Monday, August 19, 2019

Comments by diaspora

Showing 2 of 2 comments.

  • No kidding. Did you read the article on Marxism and mental health? (I haven’t experienced psychosis, but major depressive disorder, generalized anxiety disorder, PTSD, etc.. and am on SSDI due to that shit combined with chronic physical illness) but feel the same way. Actually I question anyone’s sanity who doesn’t question the fact that the labor they have to do just to survive is what maintains and increases some other person’s billions. Ability to work shouldn’t be seen as a sign of health.

  • This made sense until this line towards the end: “Lastly, a longer duration of untreated psychosis (DUP) was associated with poorer outcome.”

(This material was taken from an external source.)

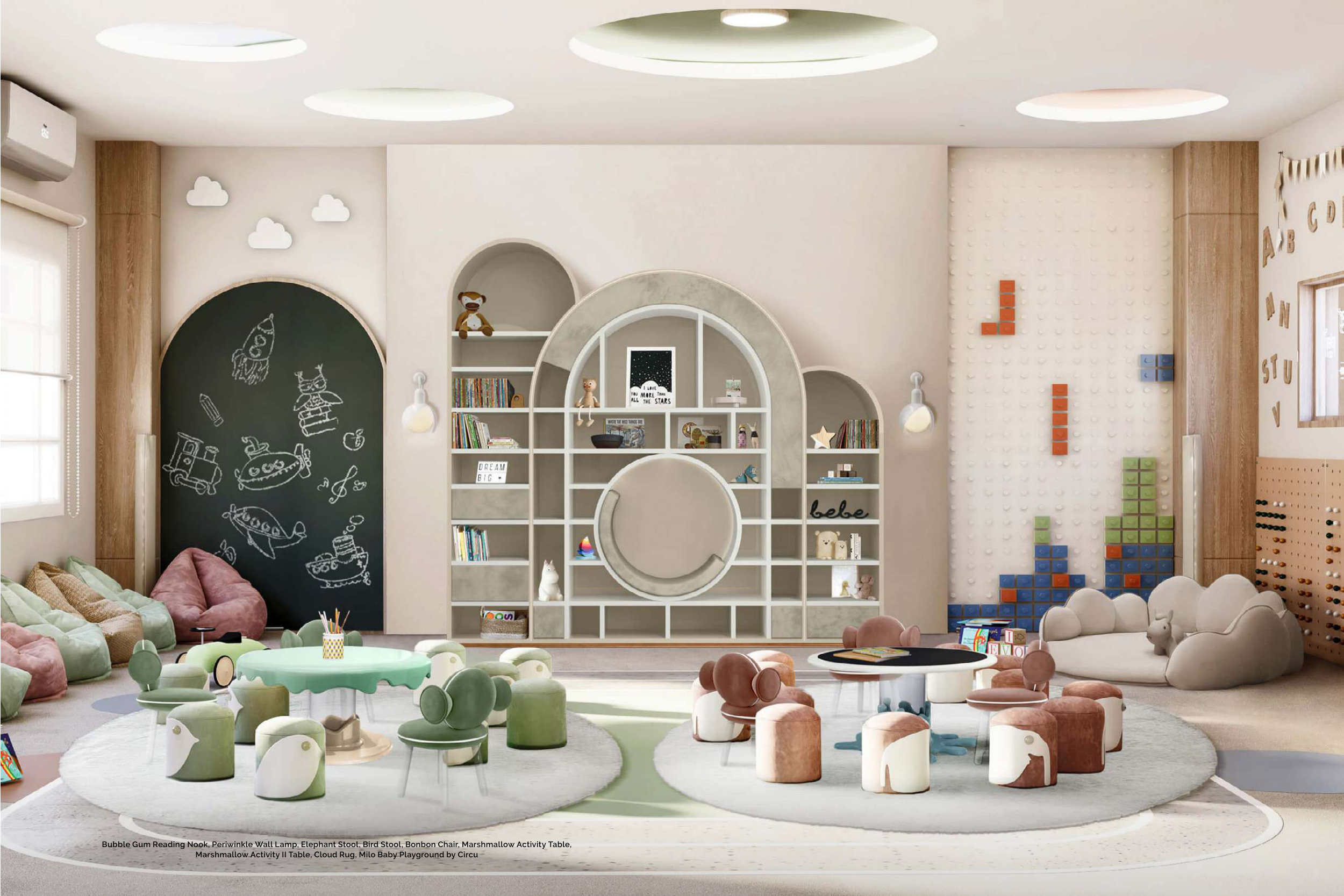 Bubble Gum Reading Nook, Periwinkle Wall Lamp, Elephant Stool, Bird Stool, Bonbon Chair, Marshmallow Activity Table,

    So, outcomes are better 10 years post-diagnosis if you were first on drugs– for how long?– and then not? Rather than if you were never on drugs? So it’s beneficial to take them when you’re first diagnosed and in a very acute phase, but not longterm? Or is it better to never take them, and to have had non-drug treatment, but still treatment of some kind? Maybe such conclusions can’t be drawn from this study. I’ve read the book Mad In America and it’s quite convincing that being on any psychotropics for more than a short-term period does more harm than good. But I’m not sure if this study shows that being on them briefly is more beneficial longterm than never taking them. So I’m not quite sure what the takeaway is here, yet at the same time am always glad when drugs are exposed as being harmful longterm, and that they are far from being cures.

    In the US there is virtually no non-drug treatment you can get without also being on drugs. Psychiatrists will tell you they won’t even see you if you refuse to take drugs.